The owner_display_name is used there for S3 compatibility. Obviously a compromise for read over write here.
The etag (Entity Tag) is a MD5Sum of the object and is used for S3 compatibility. That’s a shame because I’m sure that would hurt write performance if it has to calculate an MD5Sum for each object when it’s created.
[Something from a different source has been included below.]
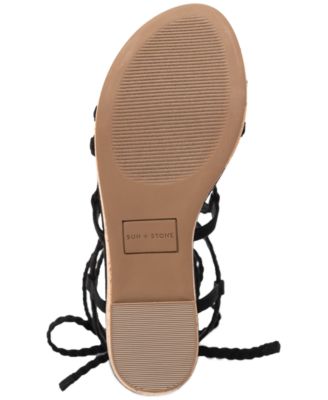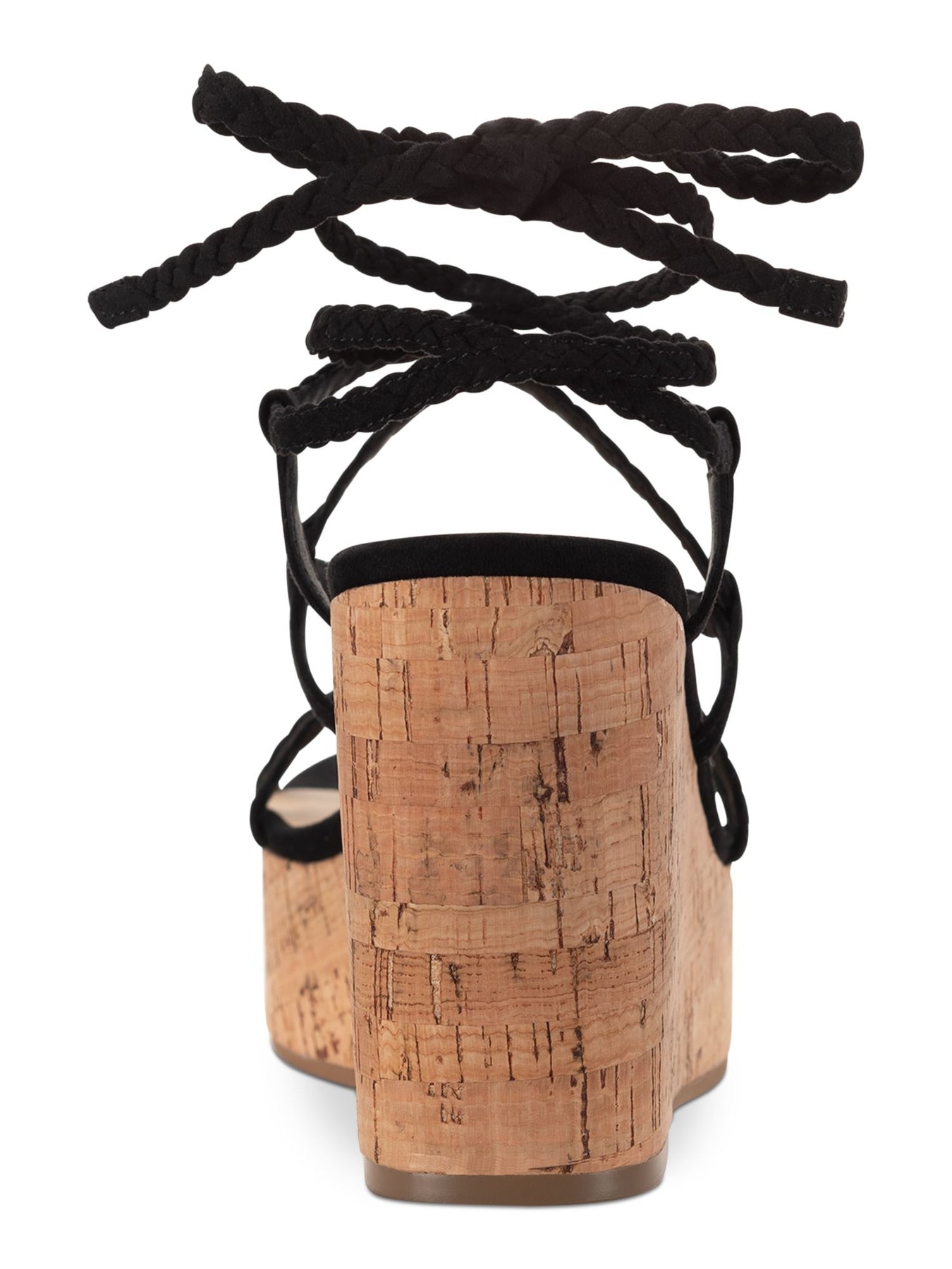 Womens Black 1-1/2" Platform Strappy Braided Trinnie Round Toe Wedge Lace-Up Heeled M

I suspect the rest of the metadata reported by radosgw-admin is there as well (Either empty or not visible in the hex dump).
Now lets actually find where this key/value store lives
Compute which OSD is holding our index object
# ceph osd map .rgw.buckets.index .rgw.buckets.index .dir.default.14113.24 osdmap e60 pool '.rgw.buckets.index' (11) object '.dir.default.14113.24/.rgw.buckets.index' -> pg 11.e6c72a3f (11.3f) -> up ([3,5], p3) acting ([3,5], p3)
So here we can see that the key/value store lives on OSDs 3 and 5 where 3 is the primary (comes first)
Find the key/value store on OSD 3
# ceph osd tree ID WEIGHT TYPE NAME UP/DOWN REWEIGHT PRIMARY-AFFINITY -1 0.06235 root default -2 0.02078 host ceph-osd1 0 0.01039 osd.0 up 1.00000 1.00000 3 0.01039 osd.3 up 1.00000 1.00000 -3 0.02078 host ceph-osd0 1 0.01039 osd.1 up 1.00000 1.00000 5 0.01039 osd.5 up 1.00000 1.00000 -4 0.02078 host ceph-osd2 2 0.01039 osd.2 up 1.00000 1.00000 4 0.01039 osd.4 up 1.00000 1.00000
Here we see that osd.3 lives on host ceph-osd1
root@ceph-osd1# cd /var/lib/ceph/osd/ceph-3/ root@ceph-osd1:/var/lib/ceph/osd/ceph-3# ls activate.monmap current journal_uuid ready upstart active fsid keyring store_version whoami ceph_fsid journal magic superblock root@ceph-osd1:/var/lib/ceph/osd/ceph-3# cd current/omap/ root@ceph-osd1:/var/lib/ceph/osd/ceph-3/current/omap# ls 000007.ldb 000011.log CURRENT LOG MANIFEST-000006 000010.ldb 000012.ldb LOCK LOG.old root@ceph-osd1:/var/lib/ceph/osd/ceph-3/current/omap# ls -l total 9128 -rw-r--r-- 1 ceph ceph 163 Jan 11 05:11 000007.ldb -rw-r--r-- 1 ceph ceph 1207818 Jan 20 02:36 000010.ldb -rw-r--r-- 1 ceph ceph 4947942 Jan 29 05:36 000011.log -rw-r--r-- 1 ceph ceph 1235101 Jan 29 03:57 000012.ldb -rw-r--r-- 1 ceph ceph 16 Jan 11 05:11 CURRENT -rw-r--r-- 1 ceph ceph 0 Jan 11 05:11 LOCK -rw-r--r-- 1 ceph ceph 709 Jan 29 03:57 LOG -rw-r--r-- 1 ceph ceph 172 Jan 11 05:11 LOG.old -rw-r--r-- 1 ceph ceph 331 Jan 29 03:57 MANIFEST-000006
And there is the leveldb which is the key/value store holding our index.
So that’s the rados gateway indexes explained. How you find this helpful/enlightening.